Retype only the lines below from the one with "В данном видео" to the one with "Sample of LFUCG", inclusive, skipping every image.

__Information provided__
◇ ◇ ◇ ◇ ◇ ◇ ◇

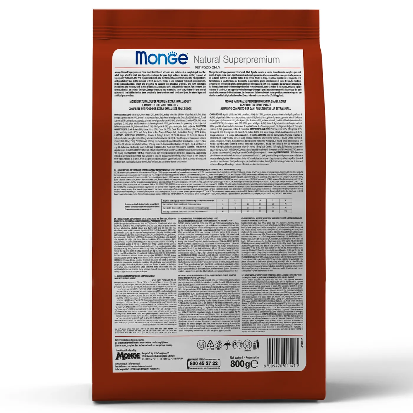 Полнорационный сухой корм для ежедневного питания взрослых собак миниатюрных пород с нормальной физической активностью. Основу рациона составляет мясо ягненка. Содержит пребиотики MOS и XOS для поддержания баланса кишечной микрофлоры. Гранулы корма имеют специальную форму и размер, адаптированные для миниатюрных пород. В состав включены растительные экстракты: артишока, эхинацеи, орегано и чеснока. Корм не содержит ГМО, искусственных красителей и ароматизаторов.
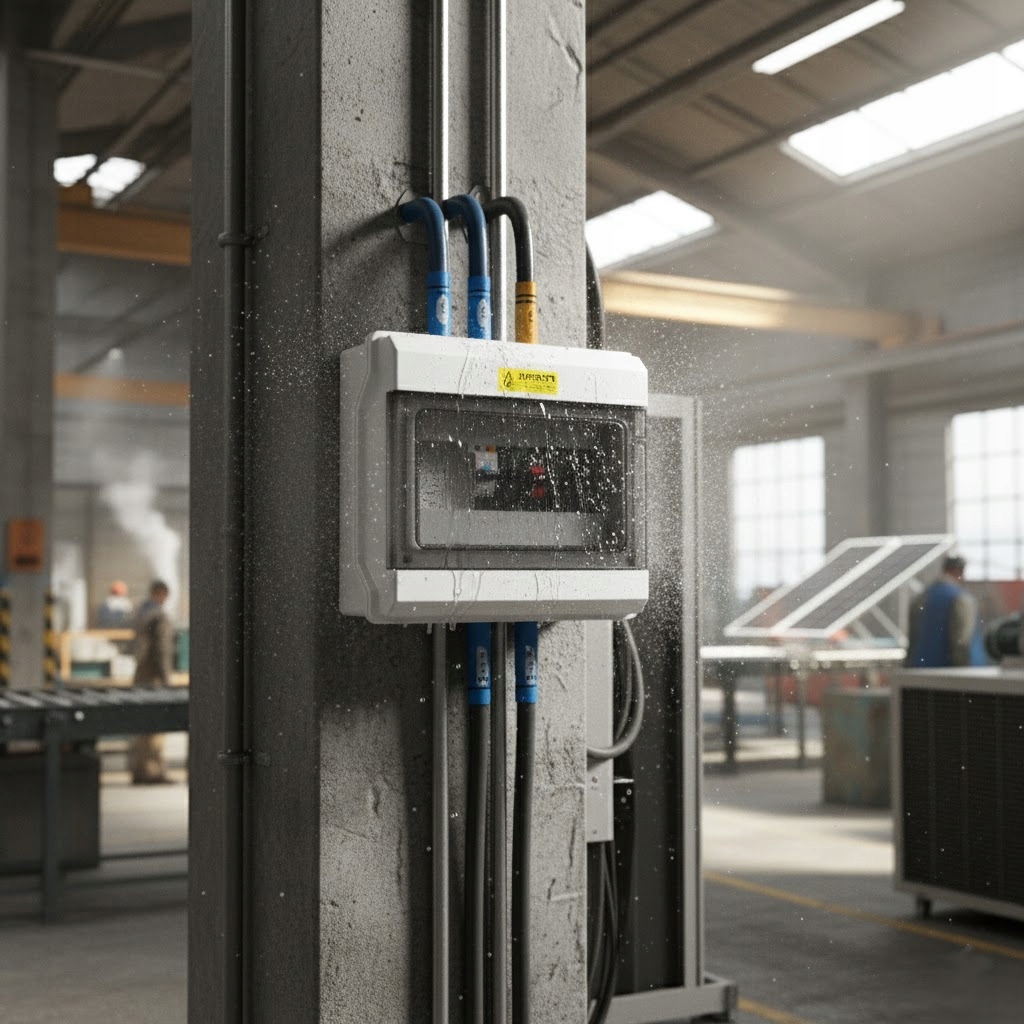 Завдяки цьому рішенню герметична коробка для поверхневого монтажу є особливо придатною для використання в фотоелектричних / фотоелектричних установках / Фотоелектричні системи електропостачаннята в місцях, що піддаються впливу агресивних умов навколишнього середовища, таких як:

◇ ◇ ◇ ◇ ◇ ◇ ◇

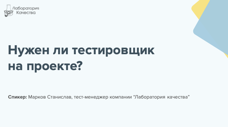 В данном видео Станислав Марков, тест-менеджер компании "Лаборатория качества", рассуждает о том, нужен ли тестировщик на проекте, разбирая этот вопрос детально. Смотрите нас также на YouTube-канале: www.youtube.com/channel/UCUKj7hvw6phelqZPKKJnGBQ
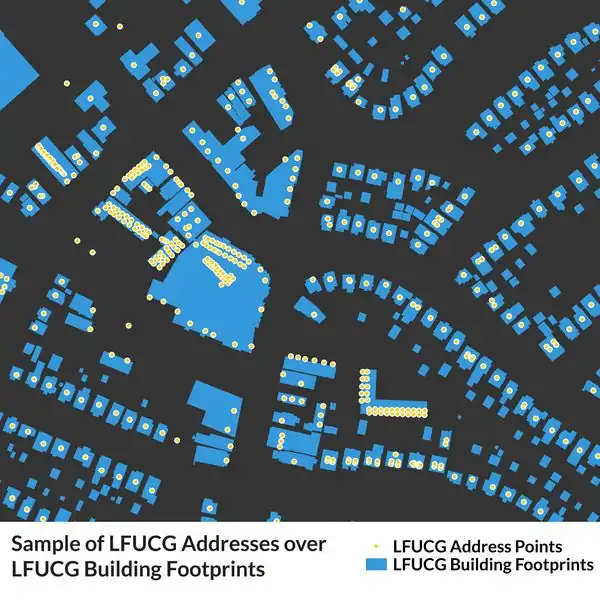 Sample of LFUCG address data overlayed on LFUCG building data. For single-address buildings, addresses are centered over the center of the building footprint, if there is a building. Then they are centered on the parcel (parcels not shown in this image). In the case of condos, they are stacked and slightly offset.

◇ ◇ ◇ ◇ ◇ ◇ ◇

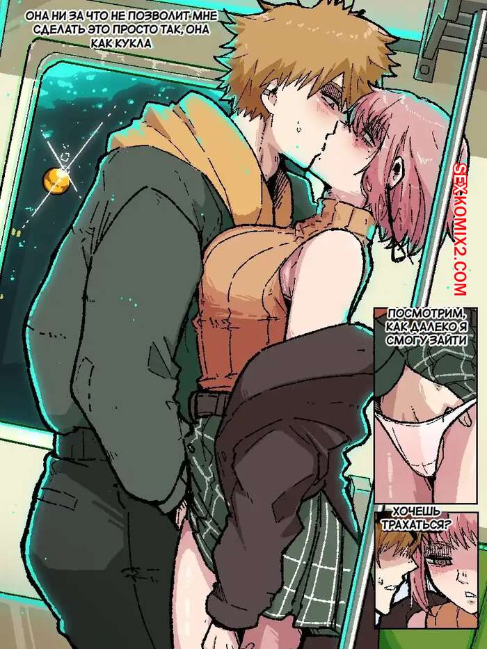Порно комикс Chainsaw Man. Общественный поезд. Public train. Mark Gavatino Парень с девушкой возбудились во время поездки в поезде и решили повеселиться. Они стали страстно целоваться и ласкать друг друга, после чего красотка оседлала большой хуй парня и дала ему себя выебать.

◇ ◇ ◇ ◇ ◇ ◇ ◇

__Answer to the problem__
 В данном видео Станислав Марков, тест-менеджер компании "Лаборатория качества", рассуждает о том, нужен ли тестировщик на проекте, разбирая этот вопрос детально. Смотрите нас также на YouTube-канале: www.youtube.com/channel/UCUKj7hvw6phelqZPKKJnGBQ
 Sample of LFUCG address data overlayed on LFUCG building data. For single-address buildings, addresses are centered over the center of the building footprint, if there is a building. Then they are centered on the parcel (parcels not shown in this image). In the case of condos, they are stacked and slightly offset.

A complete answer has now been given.